Кристалл коснулся ладони. Мальчик сжал пальцы и закричал. Рахун и Фасхил вскочили со скамьи одновременно... и оба замерли, так и не двинувшись с места, – Хасрат остановил их жестом. Он нашептывал что-то, очень тихо, только для маленького мага, и тот начал успокаиваться: замолчал, перестал плакать, гримаса боли разгладилась, опустились плечи. А кулаки все так же оставались сжатыми, и в них – магические кристаллы: один – отнимающий – забирал в себя все, любое тепло, любое движение, любую силу, даже жизнь; второй – дающий – расточал жар, истекал такой силой, что любой смертный, едва коснувшись, был бы сожжен в прах и развеян. Любой, но не истинный маг старшей крови. Малыш держал их оба. Адалан вытянулся, словно вырос, кисти рук его начали светиться. Сияние разгоралось, ширилось, и вот окутало мальчика целиком. Между сжатых ладоней оно искрило, наливалось белым, пока не стало нестерпимо для глаз – такого никто ожидать не мог: малыш, не думая ни о чем, шагнул туда, куда звал его дар, в мир Закона, в могущество и абсолютное знание, в смерть.
Фасхил нахмурился:
– Я его почти не слышу, – и громко приказал: – Хватит! Забирай его, Хасрат, выводи.
Но тот уже и сам, не дожидаясь приказа, делал все, что мог... и не справлялся – маленький маг уходил все дальше, стихал, терялся в пустоте. Хасрат обнял голову мальчика, прижал к себе и позвал:
– Мне не удержать его... Рахун!
В три прыжка Рахун пересек половину зала, Фасхил опоздал лишь на миг, в руке т’хаа-сар уже сжимал нож.
– Не вздумай, – рыкнул ему Белокрылый, заступая на место Хасрата. – Я поведу, помогайте.
Песня Рахуна накрыла зал и сразу же подчинила себе всех присутствующих. Фасхил и Хасрат обняли с двух сторон его и мальчика, помогая и поддерживая: свечение вокруг Адалана начало тускнеть и вскоре совсем погасло. Из опавших ладоней выскользнули два красноватых кристалла-близнеца, с легким звоном ударились о мраморные плиты и покатились по полу. Песня стихла, схлынула, оставляя людей ошеломленными: то, что они видели, было невозможным – мальчишка справился.

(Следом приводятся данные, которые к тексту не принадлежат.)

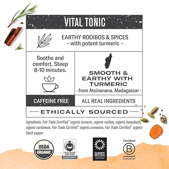 • Golden Turmeric: Blended entirely with real organic ingredients this herbal teasan combines turmeric, rooibos, cardamom, vanilla and cinnamon offering mellow apple notes with a sweet peppery zest

Рахун принял на руки ослабевшее тело, продолжая напевать тихонько. Эта песня всегда помогала, прогоняла страхи и болезни его маленького приемыша; помогла и сейчас. Сердце Адалана забилось чаще, мощнее, дыхание стало глубже, краски начали возвращаться на лицо. Измученный болью Хасрат, поняв, что все наконец позади, отстранился, тяжело уселся на ближайшую скамью, спрятал лицо в ладонях. Жадиталь подобрала с пола кристаллы.
– Розовые, – прошептала она и повторила уже громко, для всех: – Розовые! Нет, вы видели? Совершенно спокойные!
Но Рахун уже не слушал. Как когда-то на мьярнской ярмарке, он сбросил с плеч магистерский плащ, завернул Адалана и направился к двери.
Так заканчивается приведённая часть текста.